> _What you have to do_
Output exactly, in the material below, the lines from the one with "Repeat step four" through the one with "Paire de fauteuils". Omit all pictures.

(Entries supplied Opens)

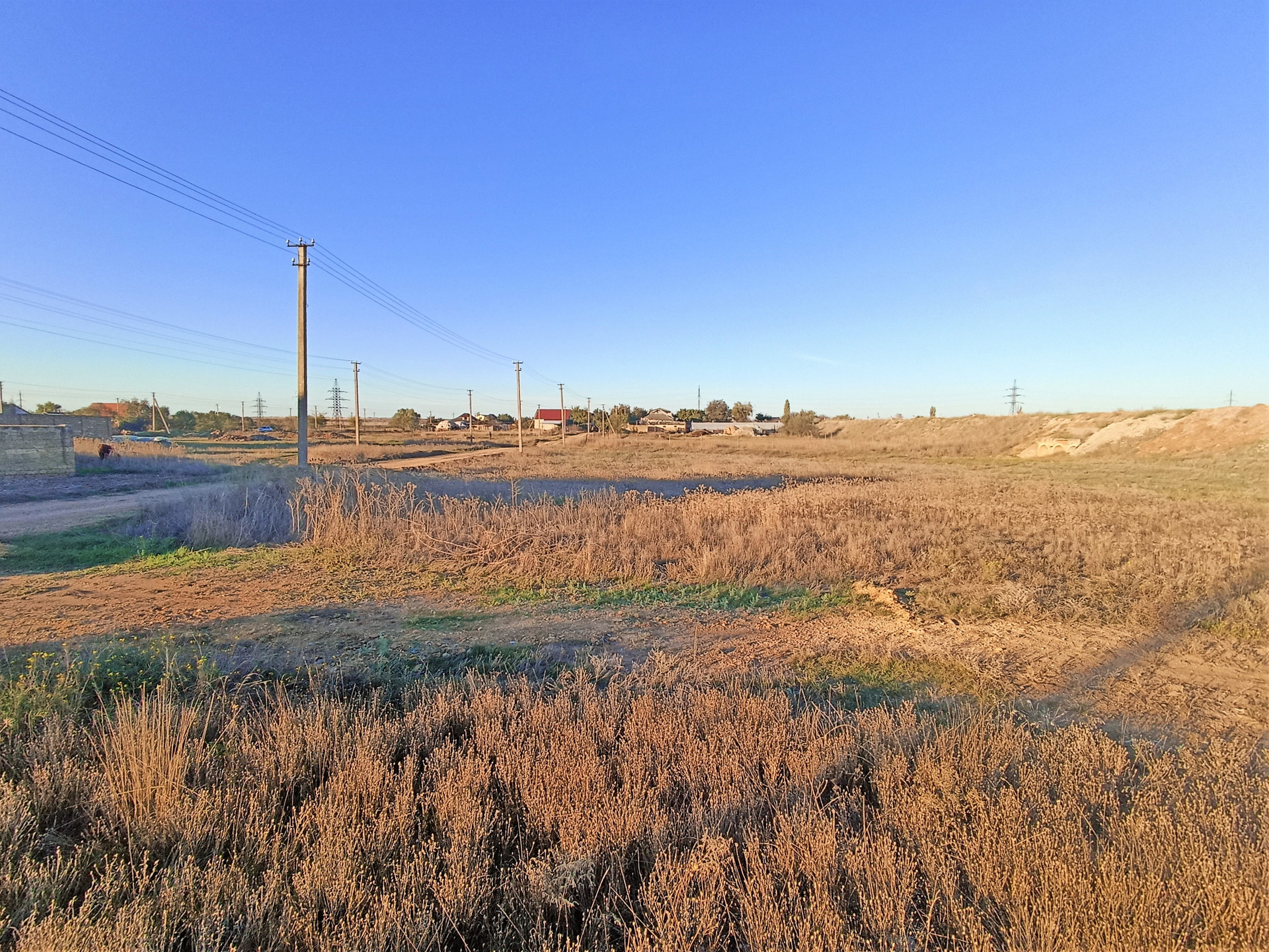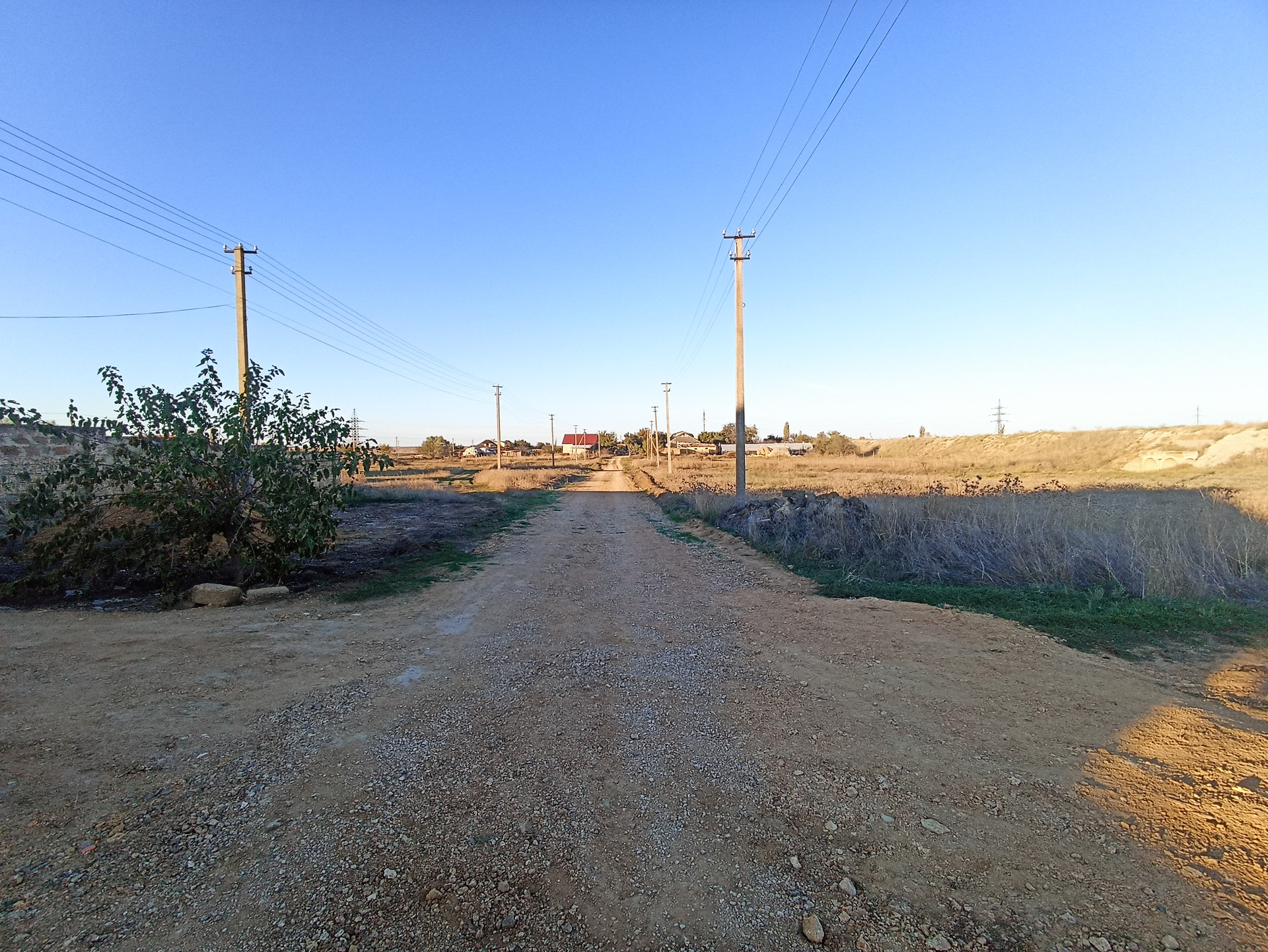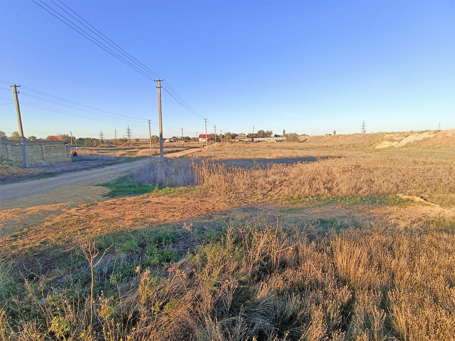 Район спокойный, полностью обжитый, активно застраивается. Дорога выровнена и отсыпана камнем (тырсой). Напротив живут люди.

(Entries supplied Closes)
(Entries supplied Opens)

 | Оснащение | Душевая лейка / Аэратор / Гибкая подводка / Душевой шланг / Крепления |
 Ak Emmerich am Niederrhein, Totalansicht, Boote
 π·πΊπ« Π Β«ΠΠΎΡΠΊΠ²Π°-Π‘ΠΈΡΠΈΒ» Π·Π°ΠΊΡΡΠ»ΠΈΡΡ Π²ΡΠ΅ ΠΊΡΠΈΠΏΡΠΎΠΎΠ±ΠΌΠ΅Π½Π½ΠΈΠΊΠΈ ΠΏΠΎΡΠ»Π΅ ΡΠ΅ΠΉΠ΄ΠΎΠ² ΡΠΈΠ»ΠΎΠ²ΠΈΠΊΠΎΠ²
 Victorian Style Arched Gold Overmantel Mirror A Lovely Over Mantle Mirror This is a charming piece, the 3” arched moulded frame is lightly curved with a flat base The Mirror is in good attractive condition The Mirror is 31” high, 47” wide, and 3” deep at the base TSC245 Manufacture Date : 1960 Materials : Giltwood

(Entries supplied Closes)
(Entries supplied Opens)

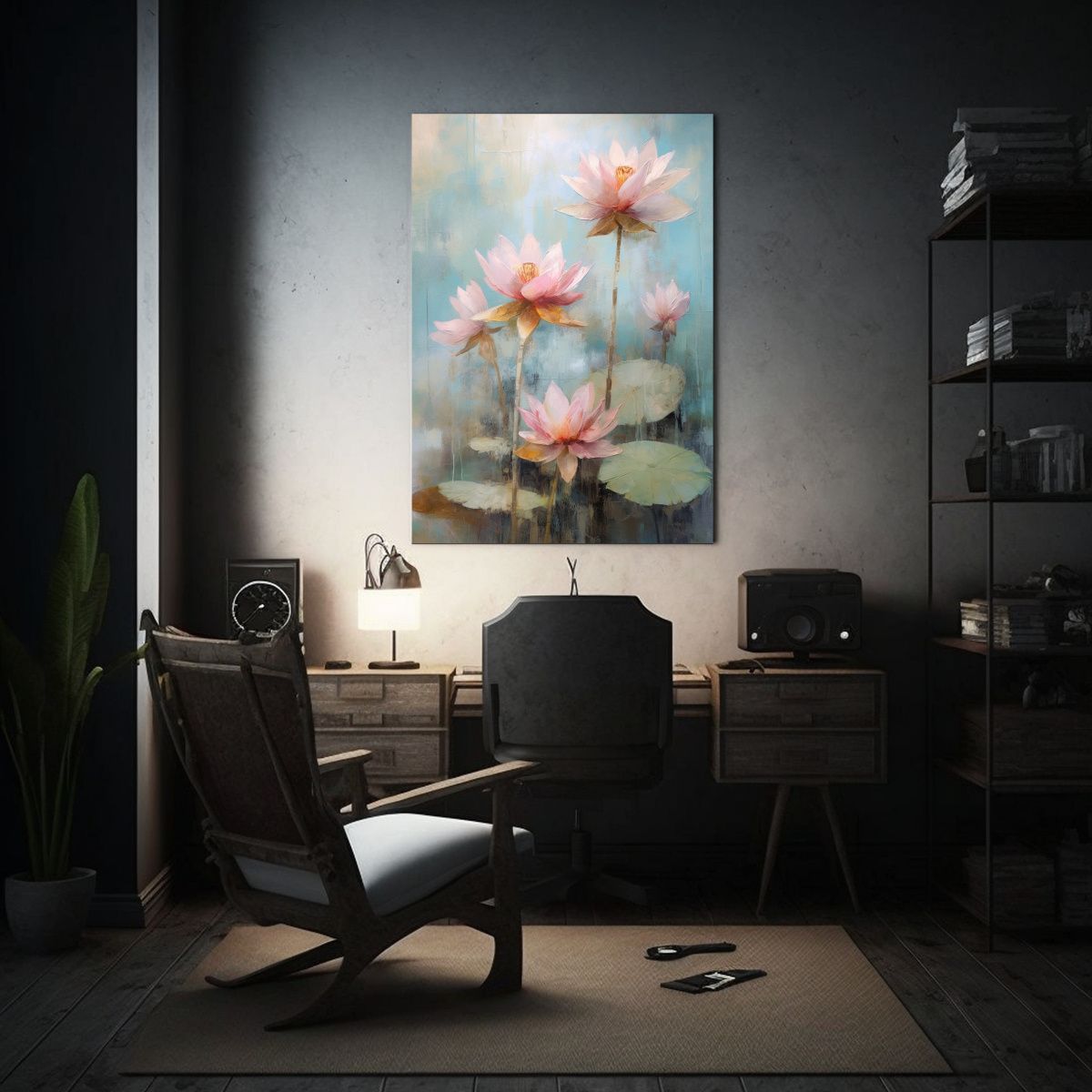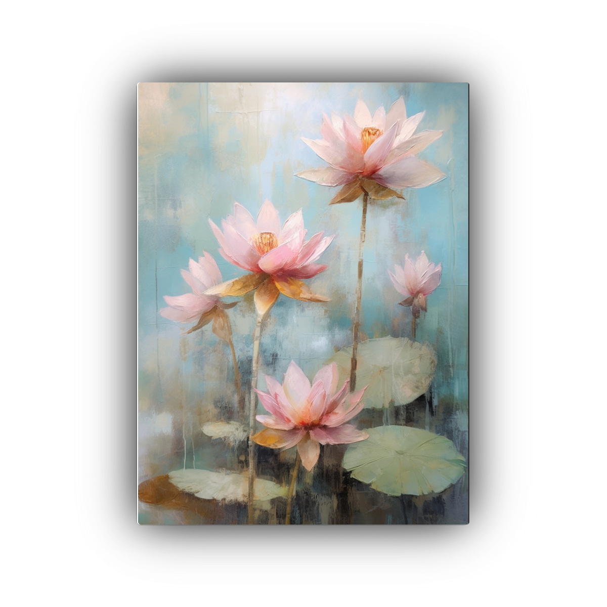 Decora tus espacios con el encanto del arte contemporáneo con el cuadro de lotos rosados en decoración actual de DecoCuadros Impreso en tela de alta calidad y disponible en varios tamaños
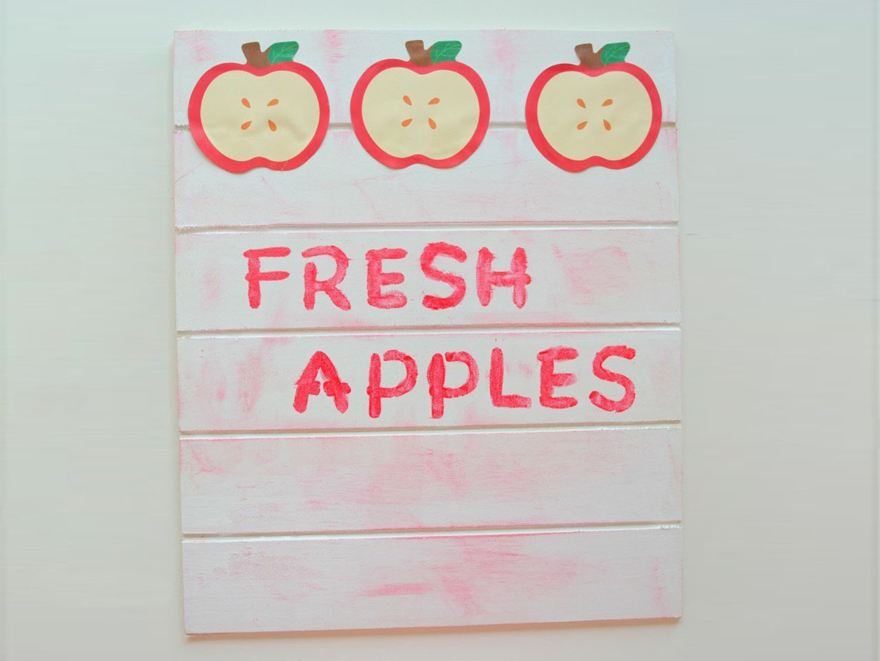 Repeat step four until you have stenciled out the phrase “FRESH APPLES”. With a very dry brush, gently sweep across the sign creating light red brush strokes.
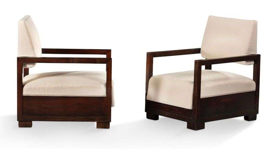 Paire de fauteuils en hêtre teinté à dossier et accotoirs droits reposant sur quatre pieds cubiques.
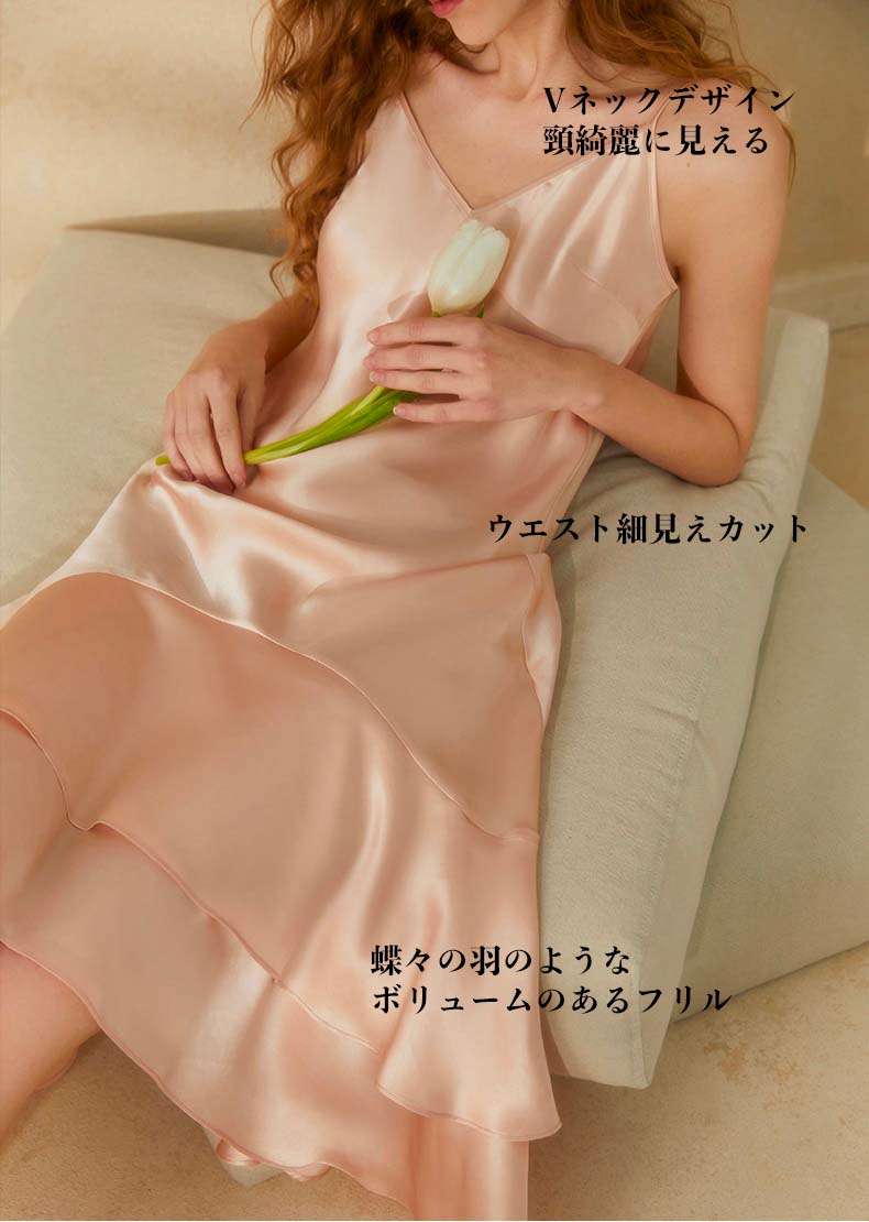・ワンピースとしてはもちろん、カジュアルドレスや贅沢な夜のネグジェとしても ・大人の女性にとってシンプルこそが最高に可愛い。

(Entries supplied Closes)

> _Expected output_
 Repeat step four until you have stenciled out the phrase “FRESH APPLES”. With a very dry brush, gently sweep across the sign creating light red brush strokes.
 Paire de fauteuils en hêtre teinté à dossier et accotoirs droits reposant sur quatre pieds cubiques.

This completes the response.